Под удивленный окрик Марка я забегаю обратно в церковь, широко распахиваю внутренние двери – но застаю лишь священника и служку в дальнем конце прохода.
– Что не так? – спрашивает Натали, когда я возвращаюсь.
Все четыре пары глаз, смотрящих на меня сейчас, выглядят обеспокоенными – но я не могу поручиться, что никто из них не притворяется.
– Женщина, шедшая позади меня, – говорю я.
– Мы вышли из церкви последними.
– Нет, была еще она. Рядом со мной сидела. На одной скамье!
– Никого, кроме нас, не было, Саймон, – говорит Натали и сочувственно улыбается моим родителям. – Слишком долго был в разъездах, – поясняет она, и теперь улыбаются все, даже Марк.
– Похоже, не только юному джентльмену нужен сон на Рождество, – изрекает мать.
44: Праздные и празднующиеИз мрака сновидений меня выводит звук колокола. Это рингтон телефона, но не моего – «We Wish You a Merry Christmas» я поставить ну никак не мог. Нащупывая в темноте телефон, я окунаю пальцы в кружку с водой и чуть не опрокидываю старую тумбочку.
Телефон все-таки мой. И когда я тыкаюсь в него ухом, песенка не смолкает – ее поют уже там, на другом конце линии. Пока я пытаюсь понять, снится ли мне это, Марк опускает пару строчек припева и кричит:
– Угадай, что я получил на Рождество, Саймон!
– Поторопись, сынок! – вторит ему мамочка. – Мы тебя уже заждались!
– Вставай, ленивый котяра! – кричит отец, да так громко, что я слышу его не только в трубке, но и прямо в комнате.
Их голосам столь несвойственна подобная оживленность, что я подозреваю, что они кривляются на публику в лице Марка.
– Кто сменил мне музыку на вызове? – осведомляюсь я.
– Я, – признается Марк. – Думал, тебе понравится.
Какими бы благими его намерения ни были, сам факт того, что в моем мобильном копались, пока я сплю, несколько смущает меня – равно как и экспертные познания Марка в устройстве этих штук.
– Спасибо, дружище. Спущусь, как только причешусь.
Марк хихикает. Я бросаю трубку и выползаю из кровати. Сейчас я в своей спальне времен детства, приобретшей заплесневелый запах – столь слабый, что определить и устранить источник лично мне не представляется возможным. Вся комната выглядит выцветшей – не только мои подростковые плакаты с братьями Маркс и Тремя балбесами, расклеенные по скучным белым стенам. Мебель тут поистине музейная – особенно гардероб, чья дверца так и не научилась правильно закрываться. Когда я был ребенком, она, в силу своей легкой приоткрытости, живо напоминала мне проход в какие-нибудь зачаровывающие миры вроде льюисовских – лев, колдунья и платяной шкаф некогда успешно заменяли мне Святую Троицу, – но теперь я не удостаиваю ее и мимолетного взгляда. Только вспоминаю, что в детстве, играя в прятки, часто прятался там, придерживая отходящую дверь изнутри.

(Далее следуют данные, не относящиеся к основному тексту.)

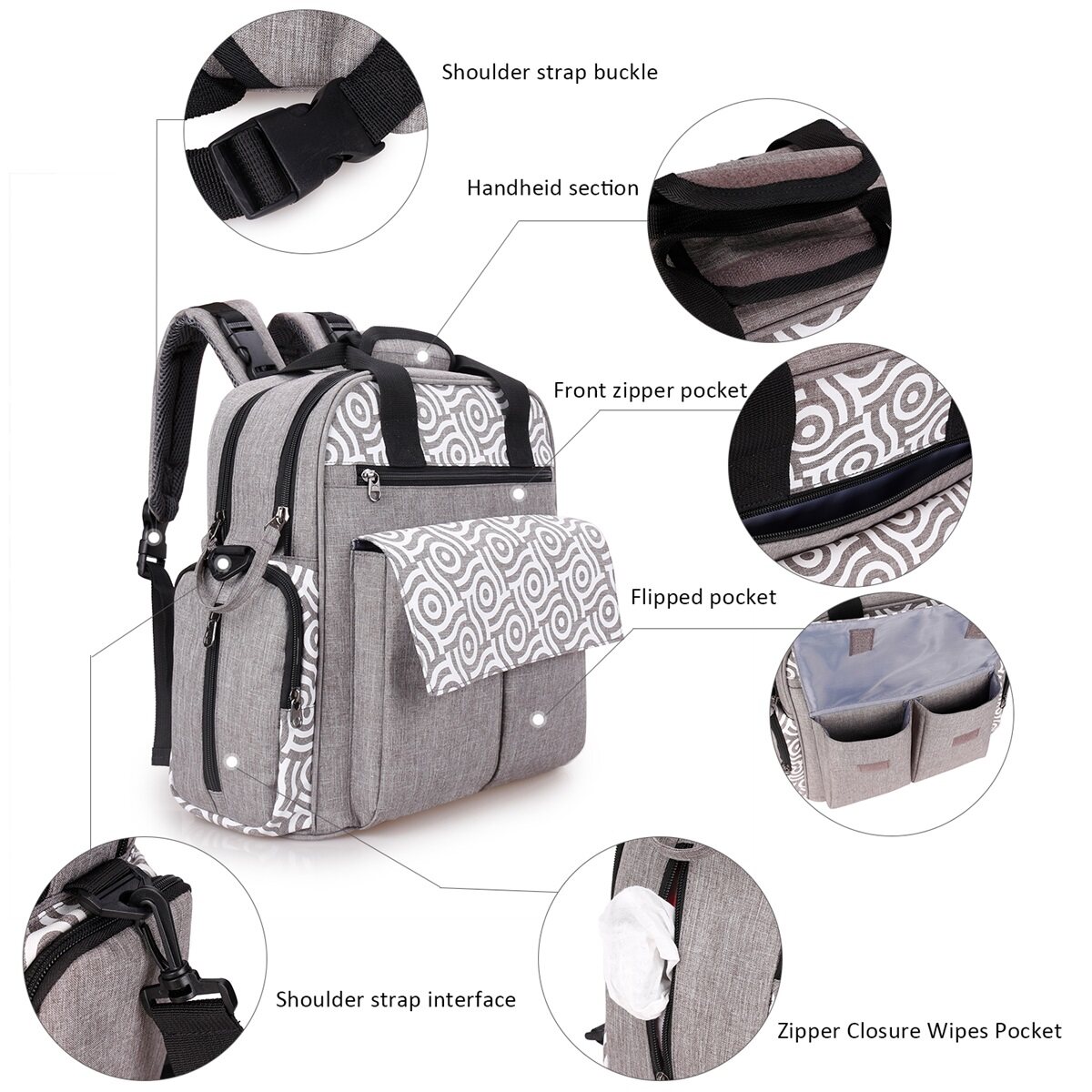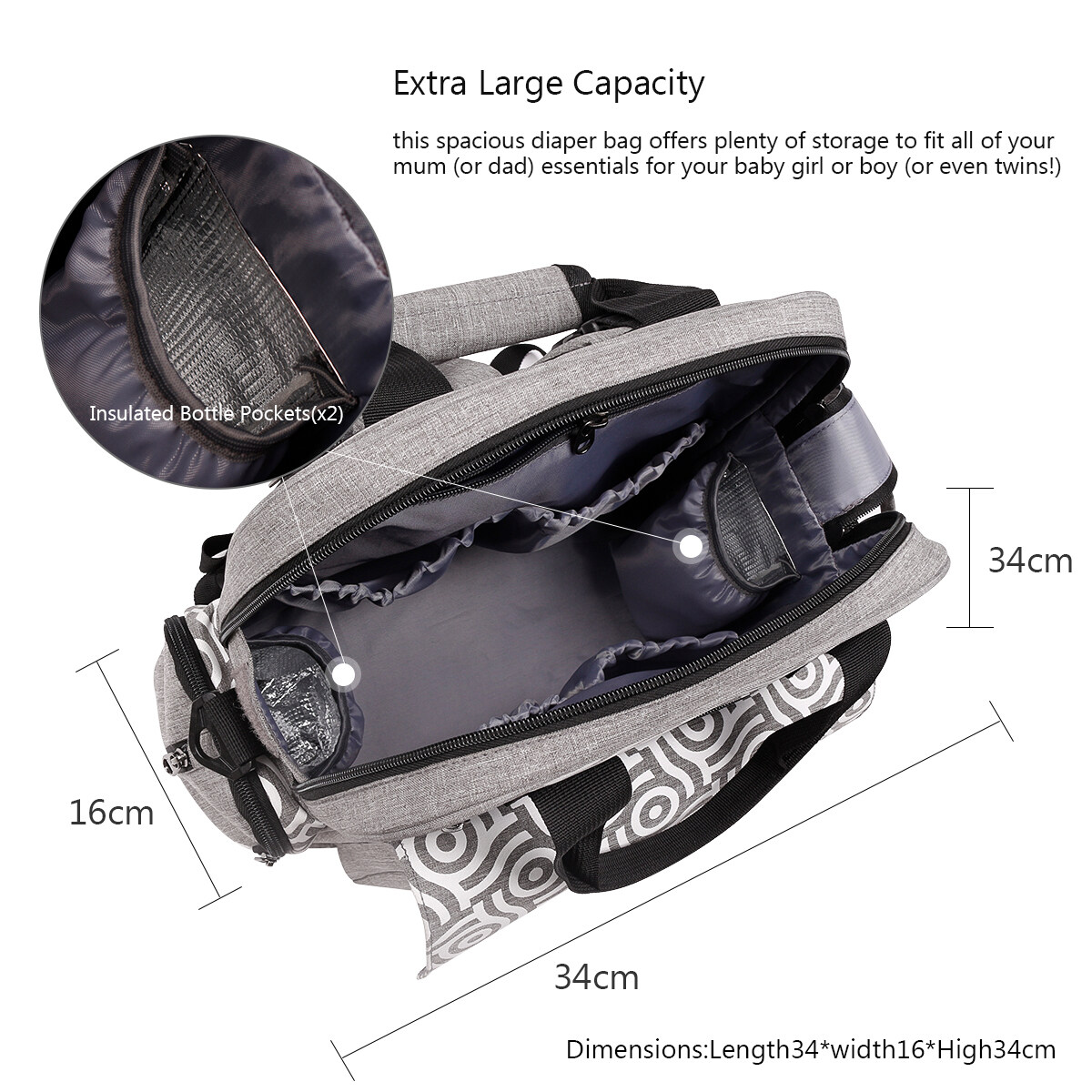 Accessories: diaper pad, thermos bottle bag, shoulder strap
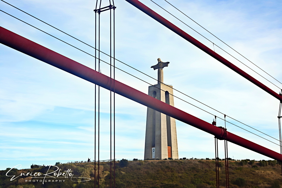 Attraversando il Ponde 25 de Abril, sul fondo il Santuario Nacional de Cristo Rei, XIX Secolo, Lisbona, Portogallo ----- Crossing the 25 de Abril Bridge, at the bottom is the Santuario Nacional de Cristo Rei, XIX Century, Lisbon, Portugal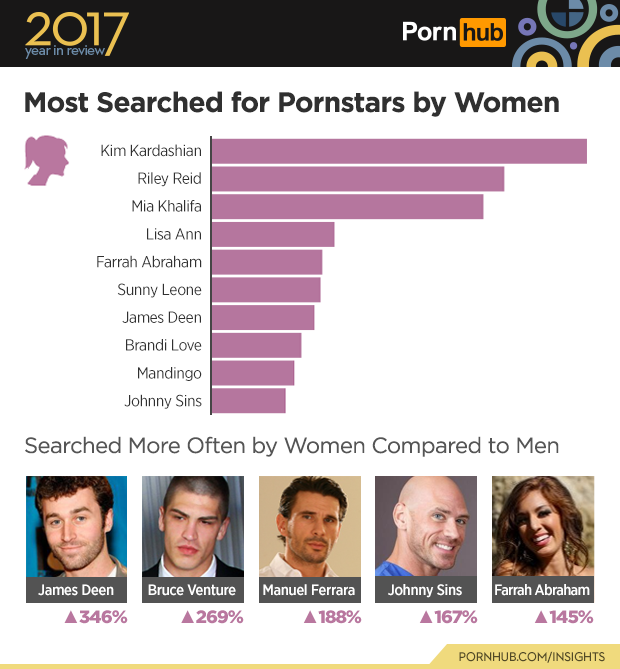 Once again, Kim Kardashian remains the most searched Pornstar by women, and Mia Khalifa is now in third place after being surpassed by Riley Reid who is sitting quite comfortably at second place for the year. There are some new additions to the list since last year, including Brandi Love (nsfw) (whom is also the co-owner and chief financial officer of two multimedia companies) and Johnny Sins (nsfw) (said to be one of the most popular performers in porn for the Millennium-class). Johnny was searched for 167% more by women, as well as Bruce Venture (nsfw) who was searched for 269% more by female viewers to the site than by men.

До полного просыпа мне еще далеко. Даже сейчас мне нетрудно убедить себя в том, что ванная, выложенная розовой плиткой, мало изменившаяся с допотопных времен, мне всего лишь снится. Хотел бы я так же внушить себе уверенность в том, что вчерашний поход в церковь – не более чем дурной сон! Даже после холодного душа ощущение близости какого-то внутреннего срыва не покидает меня. Хочется запереться от всех и не выходить, но увы – внизу меня ждут, и потому я без особого желания напяливаю на себя одежду.
На меня накатывает волна головокружения – из-за чего лестница кажется такой же крутой, как в Амстердаме. Все собрались в зале. Елка мигает огнями рядом с телевизором, столь же ветхим, как и тот, что я оставил в Эгхеме. На матери – шелковая пижама, обтягивающая ее кости. Отца упаковали в костюм и рубашку. Он подпрыгивает при виде меня – или делает вид, что подпрыгнул.
– Выпей, – приглашает он меня.
Понятно, что и он, и мама уже пропустили по рюмке. Даже кроткий рождественский поцелуйчик Натали пахнет алкоголем. Отец грузно поднимается с дивана и наполняет бокал сладким хересом.
– Давай-ка, – говорит он мне. – Догонись немножко.
В горле так пересохло, будто я кричал часами. Обоняние страдает от резкого запаха пыли на оранжевых прутьях электрического камина, встроенного в очаг. Какая трогательная композиция: пережиток прошлого, в который встроили симулякр из будущего. Несколько глотков хереса мало способствуют восстановлению моего иссохшего голоса, но я улыбаюсь и благодарю всех за всякие подарки, которые мой отец достает из-под мерцающего дерева: пучок носков, кальсоны в смайлик, коврик для компьютерной мыши.
– А теперь – молодежь! – объявляет моя мама и с тревогой смотрит, как Марк разворачивает книги, предназначенные для мальчиков примерно его возраста.
– Мы можем заменить их, если хочешь, – уверяет она. – Мы не знали, что ты настолько взрослый для своих лет.
– Все в порядке, они смешные, – говорит он с широкой улыбкой.
Быть может, она чувствует, что энтузиазм в его голосе отдает фальшью, и вымещает досаду на отце, недовольно хрюкая каждый раз, когда он, раздавая подарки и напитки, загораживает ей телевизор.
Я купил Марку компьютерную игру – что-то про город, в котором ни один маршрут не ведет в одно и то же место дважды и где никогда нельзя заранее сказать, что за дверью, которая уже была открыта. Он горячо благодарит меня – несмотря на то что опробовать новинку сможет только дома.
Я чувствую нехватку доступа к своему компьютеру – не только к работе над своей книгой. Может быть, это еще одна причина, по которой мой разум не хочет функционировать – стоят ли все эти ненужные праздничные мелочи тех усилий, которые тратятся на их осознание? Марк начинает играть в игру на мобильном телефоне, который ему подарили родители Натали, и у меня такое чувство, будто он отыгрывается за меня и мое желание быть в другом месте. Видя, чем он занимается, моя мама считает нужным заметить:
– Готова поспорить, у тебя никогда не было такого рождественского обеда, как здесь.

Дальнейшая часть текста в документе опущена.